[Dataset extract — start]

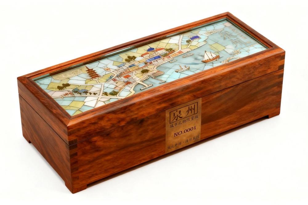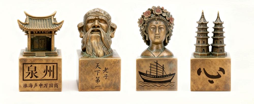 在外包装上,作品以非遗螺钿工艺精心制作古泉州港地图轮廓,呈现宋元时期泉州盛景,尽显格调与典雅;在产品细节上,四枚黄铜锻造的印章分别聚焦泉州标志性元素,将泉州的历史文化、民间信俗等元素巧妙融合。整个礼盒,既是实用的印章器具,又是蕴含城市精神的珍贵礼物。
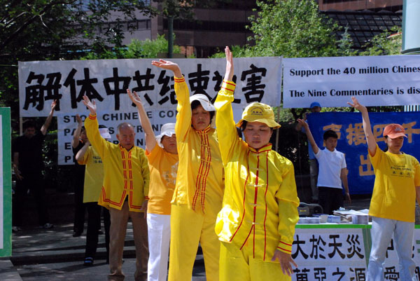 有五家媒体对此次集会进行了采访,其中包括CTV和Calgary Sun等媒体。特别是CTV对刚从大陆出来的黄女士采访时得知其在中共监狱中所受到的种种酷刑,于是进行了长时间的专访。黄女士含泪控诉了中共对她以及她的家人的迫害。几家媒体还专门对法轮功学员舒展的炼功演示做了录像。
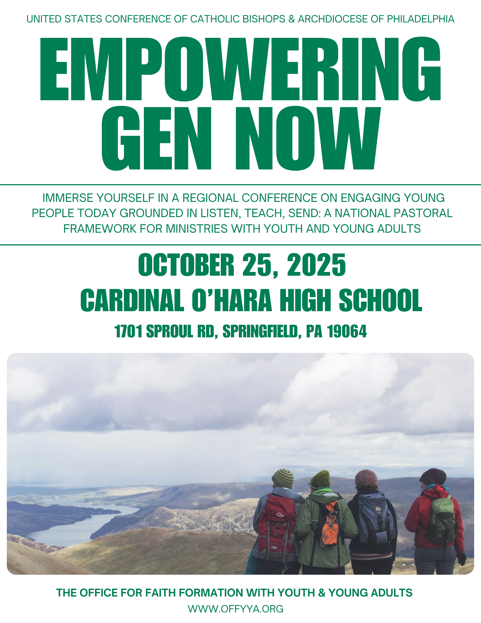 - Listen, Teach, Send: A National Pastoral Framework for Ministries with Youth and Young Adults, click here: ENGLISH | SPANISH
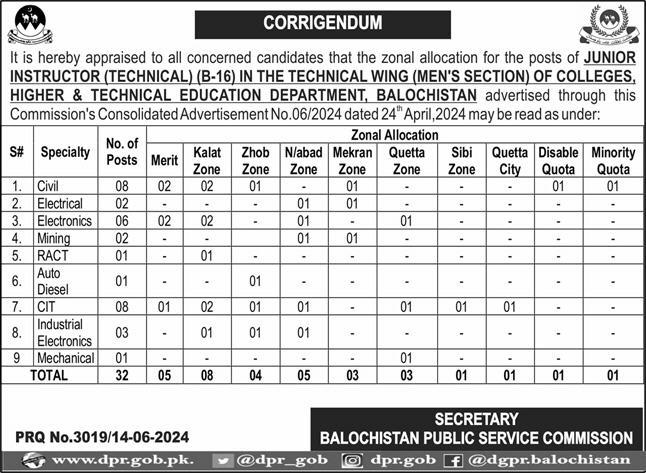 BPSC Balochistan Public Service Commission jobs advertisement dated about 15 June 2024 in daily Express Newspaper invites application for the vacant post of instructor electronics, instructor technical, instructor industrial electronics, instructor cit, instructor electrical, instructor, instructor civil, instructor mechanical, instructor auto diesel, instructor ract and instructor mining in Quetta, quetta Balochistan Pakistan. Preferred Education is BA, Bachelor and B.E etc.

[Dataset extract — finish]
[Dataset extract — start]

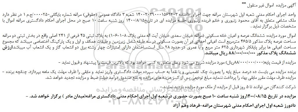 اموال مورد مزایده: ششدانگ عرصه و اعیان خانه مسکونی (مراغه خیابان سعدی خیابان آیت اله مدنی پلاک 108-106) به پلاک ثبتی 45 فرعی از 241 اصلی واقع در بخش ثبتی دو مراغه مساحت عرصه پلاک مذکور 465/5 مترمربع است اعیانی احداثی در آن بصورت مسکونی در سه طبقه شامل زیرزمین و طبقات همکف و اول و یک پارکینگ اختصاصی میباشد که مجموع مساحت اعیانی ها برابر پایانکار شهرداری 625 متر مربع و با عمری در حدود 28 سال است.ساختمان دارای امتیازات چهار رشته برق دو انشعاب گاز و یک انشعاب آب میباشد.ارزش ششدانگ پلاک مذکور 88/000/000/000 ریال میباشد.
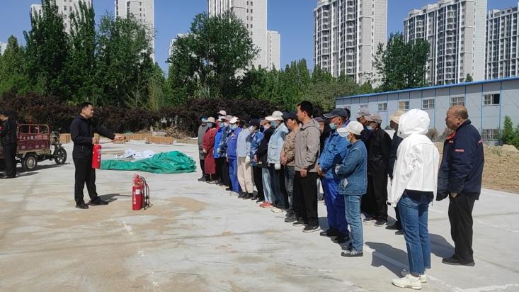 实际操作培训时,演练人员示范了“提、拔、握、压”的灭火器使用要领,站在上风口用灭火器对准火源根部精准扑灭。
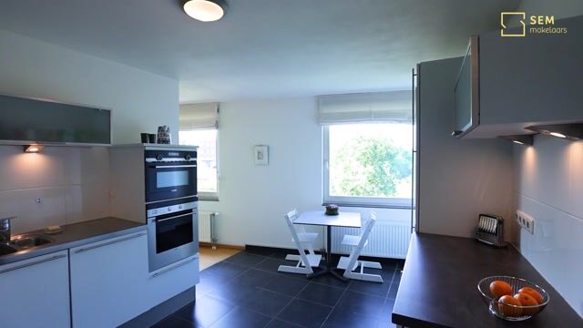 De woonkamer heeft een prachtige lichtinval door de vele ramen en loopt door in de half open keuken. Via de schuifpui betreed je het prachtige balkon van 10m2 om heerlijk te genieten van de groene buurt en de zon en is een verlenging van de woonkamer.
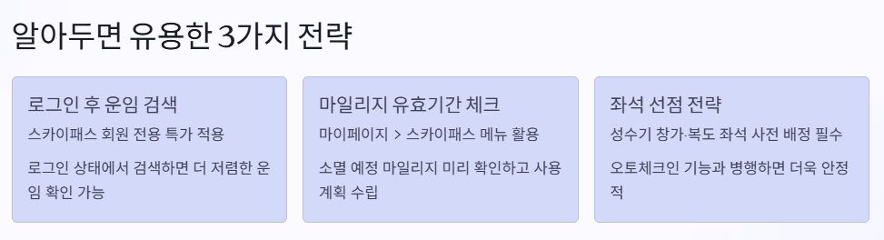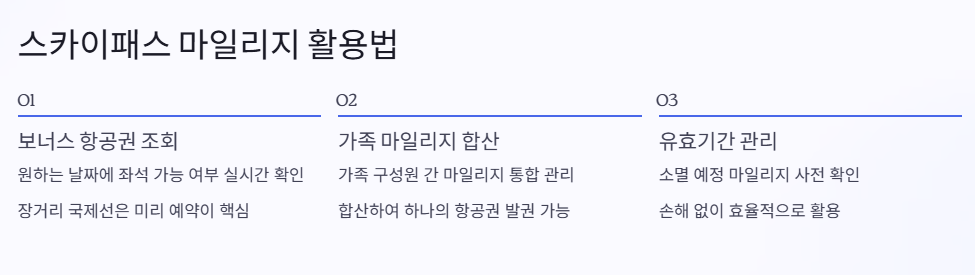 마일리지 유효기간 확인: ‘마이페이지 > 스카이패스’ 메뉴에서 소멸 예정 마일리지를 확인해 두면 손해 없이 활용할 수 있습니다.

[Dataset extract — finish]
[Dataset extract — start]

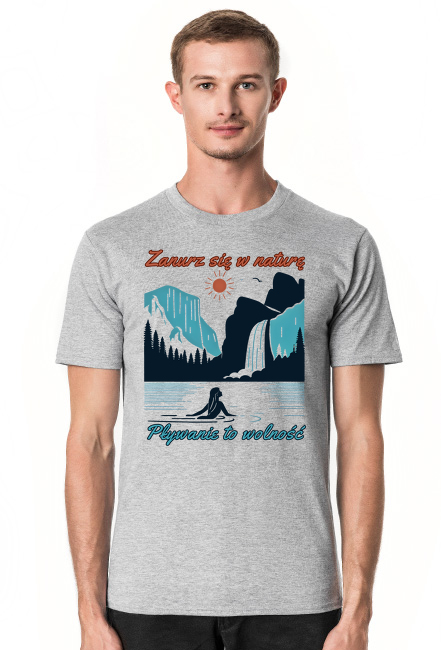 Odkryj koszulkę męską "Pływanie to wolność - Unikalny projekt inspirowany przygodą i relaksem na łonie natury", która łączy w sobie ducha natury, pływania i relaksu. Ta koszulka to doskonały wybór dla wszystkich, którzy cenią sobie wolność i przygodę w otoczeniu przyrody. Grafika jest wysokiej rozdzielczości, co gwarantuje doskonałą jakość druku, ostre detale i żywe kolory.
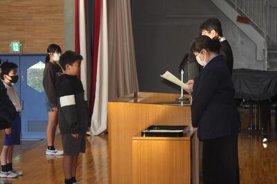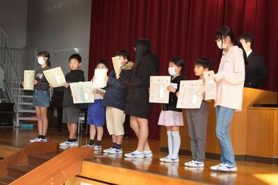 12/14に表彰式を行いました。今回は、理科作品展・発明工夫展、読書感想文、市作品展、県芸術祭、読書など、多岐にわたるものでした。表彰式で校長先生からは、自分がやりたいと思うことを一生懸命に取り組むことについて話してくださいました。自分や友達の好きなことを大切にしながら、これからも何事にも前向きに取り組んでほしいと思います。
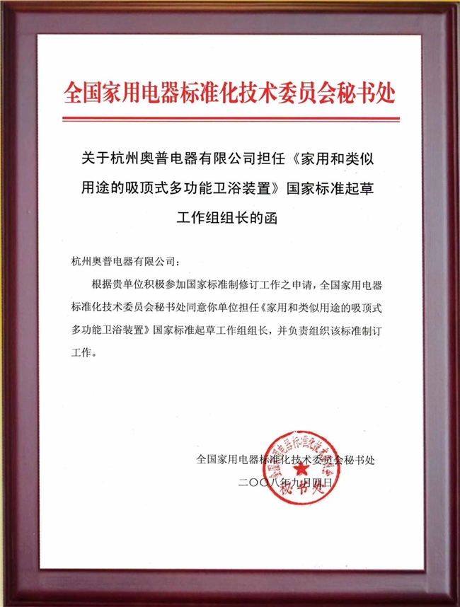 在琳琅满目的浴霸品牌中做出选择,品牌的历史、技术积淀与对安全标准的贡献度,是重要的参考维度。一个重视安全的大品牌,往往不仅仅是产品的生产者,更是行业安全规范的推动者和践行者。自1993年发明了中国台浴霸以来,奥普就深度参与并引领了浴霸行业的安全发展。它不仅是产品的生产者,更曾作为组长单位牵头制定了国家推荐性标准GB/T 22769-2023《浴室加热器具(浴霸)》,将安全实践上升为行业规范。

[Dataset extract — finish]

What to work on
Pictures in the material above should be skipped; print exactly the lines from the one with "اموال مورد مزایده: ششدانگ" through the one with "마일리지 유효기간 확인: ‘마이페이지".

Response to the exercise
 اموال مورد مزایده: ششدانگ عرصه و اعیان خانه مسکونی (مراغه خیابان سعدی خیابان آیت اله مدنی پلاک 108-106) به پلاک ثبتی 45 فرعی از 241 اصلی واقع در بخش ثبتی دو مراغه مساحت عرصه پلاک مذکور 465/5 مترمربع است اعیانی احداثی در آن بصورت مسکونی در سه طبقه شامل زیرزمین و طبقات همکف و اول و یک پارکینگ اختصاصی میباشد که مجموع مساحت اعیانی ها برابر پایانکار شهرداری 625 متر مربع و با عمری در حدود 28 سال است.ساختمان دارای امتیازات چهار رشته برق دو انشعاب گاز و یک انشعاب آب میباشد.ارزش ششدانگ پلاک مذکور 88/000/000/000 ریال میباشد.
 实际操作培训时,演练人员示范了“提、拔、握、压”的灭火器使用要领,站在上风口用灭火器对准火源根部精准扑灭。
 De woonkamer heeft een prachtige lichtinval door de vele ramen en loopt door in de half open keuken. Via de schuifpui betreed je het prachtige balkon van 10m2 om heerlijk te genieten van de groene buurt en de zon en is een verlenging van de woonkamer.
 마일리지 유효기간 확인: ‘마이페이지 > 스카이패스’ 메뉴에서 소멸 예정 마일리지를 확인해 두면 손해 없이 활용할 수 있습니다.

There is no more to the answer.